> _Problem_: Where the lines below hold images, skip those and copy every word exactly.

> _Collected data_:
● ● ●

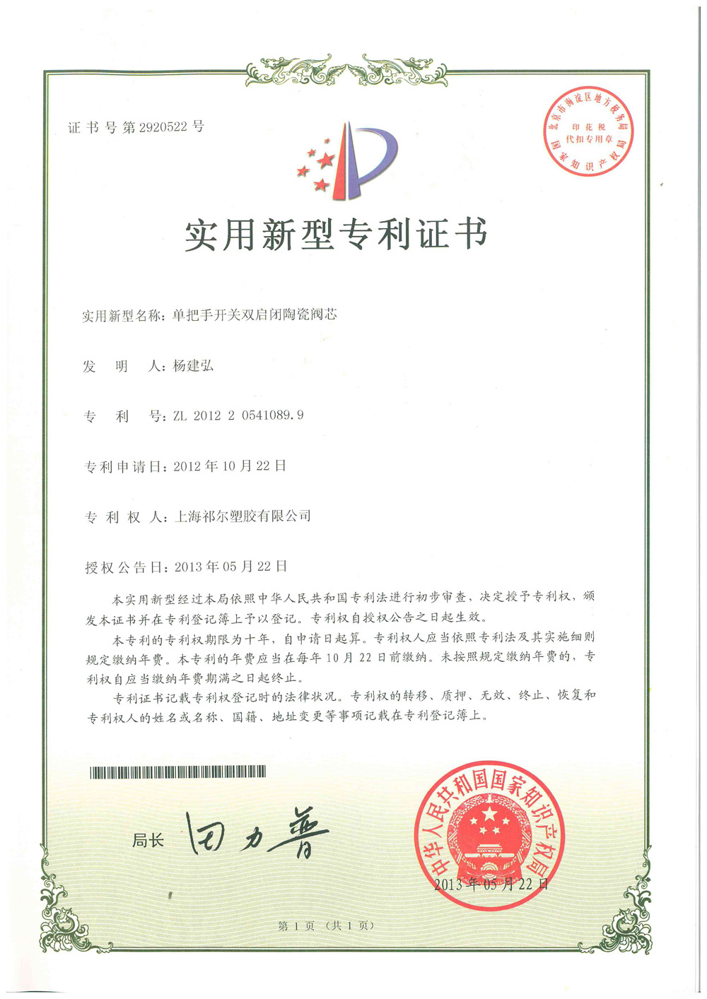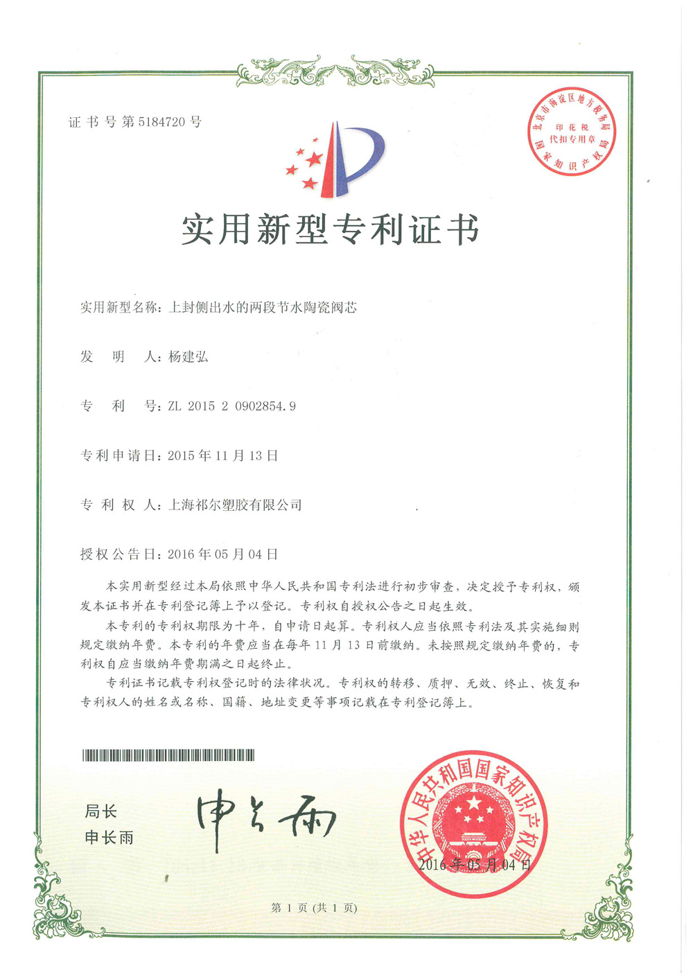 Ceramic valve core with water control function
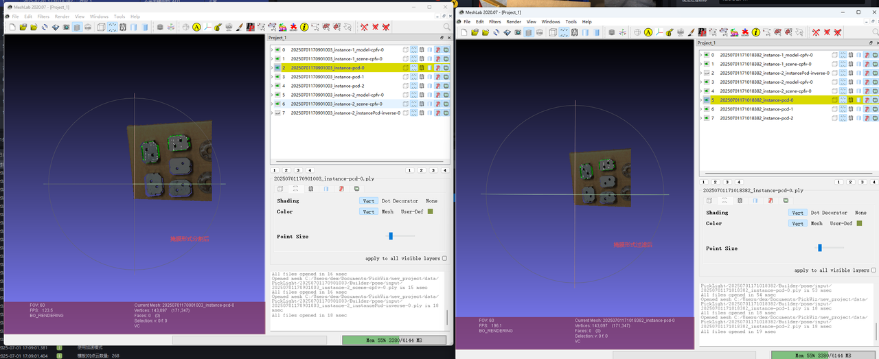 降采样的点间距取值越大,降采样后的点云数量越少,实例分割计算速度会加快,但精度可能下降
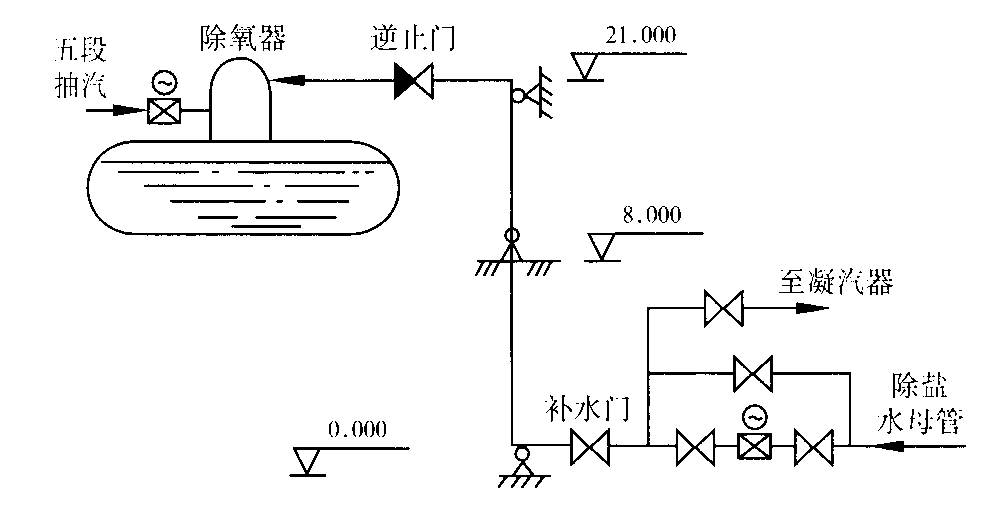 振動情況是,開始補水時振動幾下,補水中不振,補完后振動30~45 min,表現(xiàn)為劇烈的、如放炮似的連續(xù)間隔振動,整個管道從21 m除氧頭一直至0 m補水門處都在振顫,非常可怕,補水管道發(fā)生過多次不安全情況。在原因分析不準確情況下,將補水逆止門3次改變位置,改變與除氧頭的距離,提高逆止門壓力等級,但未取得任何效果。

● ● ●

> _Output for this task_:
 Ceramic valve core with water control function
 降采样的点间距取值越大,降采样后的点云数量越少,实例分割计算速度会加快,但精度可能下降
 振動情況是,開始補水時振動幾下,補水中不振,補完后振動30~45 min,表現(xiàn)為劇烈的、如放炮似的連續(xù)間隔振動,整個管道從21 m除氧頭一直至0 m補水門處都在振顫,非常可怕,補水管道發(fā)生過多次不安全情況。在原因分析不準確情況下,將補水逆止門3次改變位置,改變與除氧頭的距離,提高逆止門壓力等級,但未取得任何效果。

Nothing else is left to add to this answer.